I'm not offended. If my data didn't follow the science, I'd kick my own ass.
Here's an example of what I measure for short pulses. This was on a set of BIG injectors (~1600cc/min @ 4bar).
SPA capture.JPG
Notice how they actually behave pretty good down to about 9mg/shot. Below that, they diverge as the only measurable point I could grab was at 1.0ms and less than 2mg/shot. Even that point was a little noisy. We wouldn't really want to operate there if we can avoid it, but with the right short pulse adders lining up down to that point, we could theoretically be OK in the ~6mg/shot range. But even that is well below the typical idle fuel mass requirements, so it's kind of a moot point.
Arguing about short pulse adders for masses below 2mg/shot on this injector is ridiculous. We wouldn't really be there. So it doesn't matter if I use the same 0.225ms adder or a zero below that point, we're still not going to get any consistent fuel mass from the injector.
Here's the same graph from a stock LS3/LS7 Injector:
LSA SPA.JPG
Again, see how they're pretty linear all the way below 5mg/shot(1.2ms)? The injector basically didn't open at all at 1.0ms. We use the short pulse adder table to interpolate between these points (and make the TINY corrections between 1.2-4.0ms), but the practical application says that it's not that critical in this particular case.

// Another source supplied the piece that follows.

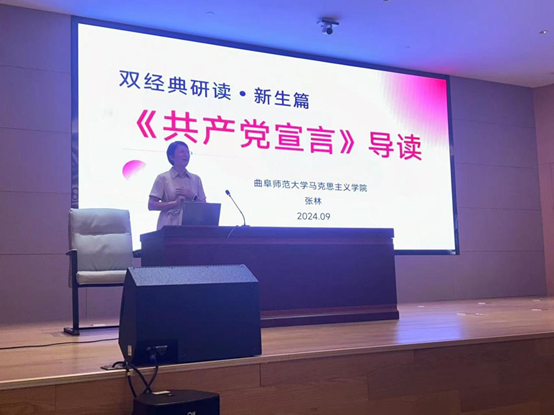 在随后的“诵经典、树信仰、塑人格”——师生共读《共产党宣言》环节,学院团委书记张林作了《共产党宣言》导读,对其产生背景、主要内容及其当代价值等进行讲解。全体新生带着真挚的情感诵读《共产党宣言》,彰显青年学子激情迸发的青春风采和奋发有为的精神面貌。

Yes, there are other injectors out there with more non-linear behavior than these two examples. By running the same tests, we expose that and calculate the necessary SPA numbers. Yes, there can be a variation between the "average" data for a part number and one particular set of matched injectors. If that variation is of concern, the solution is to have your exact set tested and get the data for them rather than using the population average. It can make a bigger difference in some cases than others. Since I own the bench, of course I prefer to use the EXACT data when tuning my car or something for another client here in person.
YMMV
...meanwhile, Mike's car is making solid progress on remote tuning. Not my favorite way to collect data, but we are making big strides and will probably have it running well enough for him to drive it on road trips soon.